Tuesday, April 21, 2020 1. Stocks poised to fall again, but will they? 2. When free market pricing works 3. Why uranium stocks are doing well Market Moves Bond prices rose while stocks fell significantly and closed on their low. Even so, there is a silver lining in the way the CBOE Volatility Index (VIX) closed. The VIX price level increased yesterday and today, and though it closed in positive territory, the price settled into close well in the lower half of the day's range. By comparison, the negatively correlated markets should have risen off their lows to make the VIX price finish up that way. This implies that option sellers expect the markets to continue reducing their volatility in the days ahead. If that were to happen, it would probably mean a bullish move in stocks before too long.
The chart below demonstrates another reason that this might be true. This chart features State Street's S&P 500 index ETF (SPY) from the beginning of March. The price action has formed what pattern-watching traders like to call a bearish wedge. It is so named because it features support and resistance lines that converge (thus the name wedge) and a forecast that price will break the support line and fall to the lows of the pattern.
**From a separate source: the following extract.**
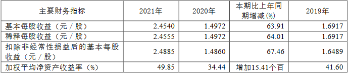 2021年,水井坊基本每股收益为2.4540元/股,较上年同期增长63.91%;加权平均净资产收益率为49.85%,较上年同期增加15.41个百分点。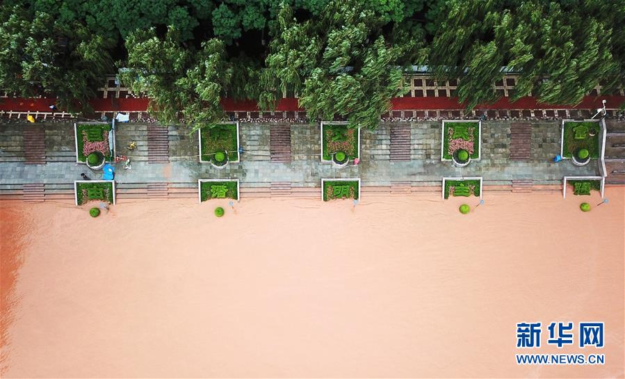 这是被水浸没已经封闭的黄河兰州段亲水平台(7月23日无人机拍摄)。 新华社记者 陈斌 摄

The historical probability that this pattern will break its support line is higher than average (about 60%), but the chances that it will fall to a new low are significantly less than average if the wedge is steeply pointed up (as in this example).
The most important detail on this chart is that today's action is contained in a much smaller range than the average of previous days. So unless we see market indexes begin to fall by 5 to 7 percent per day within the next week, it is unlikely that they will make new lows before turning back upward. That being said, chart watchers are probably better off being patient and letting this pattern play out, rather than jumping in aggressively. When Free Market Pricing Works
With the glut caused by overproduction and the pinch in demand sparked by a worldwide pandemic, the places to put spare oil are becoming fewer and farther between. That means there are costs in addition to the price of oil itself that a producer and distributor must factor in. Now there may be clever logistics that can be brought into play to move, or use, oil in an efficient manner and thus free up space to allow more oil to be stored. But who would pay for someone to do that?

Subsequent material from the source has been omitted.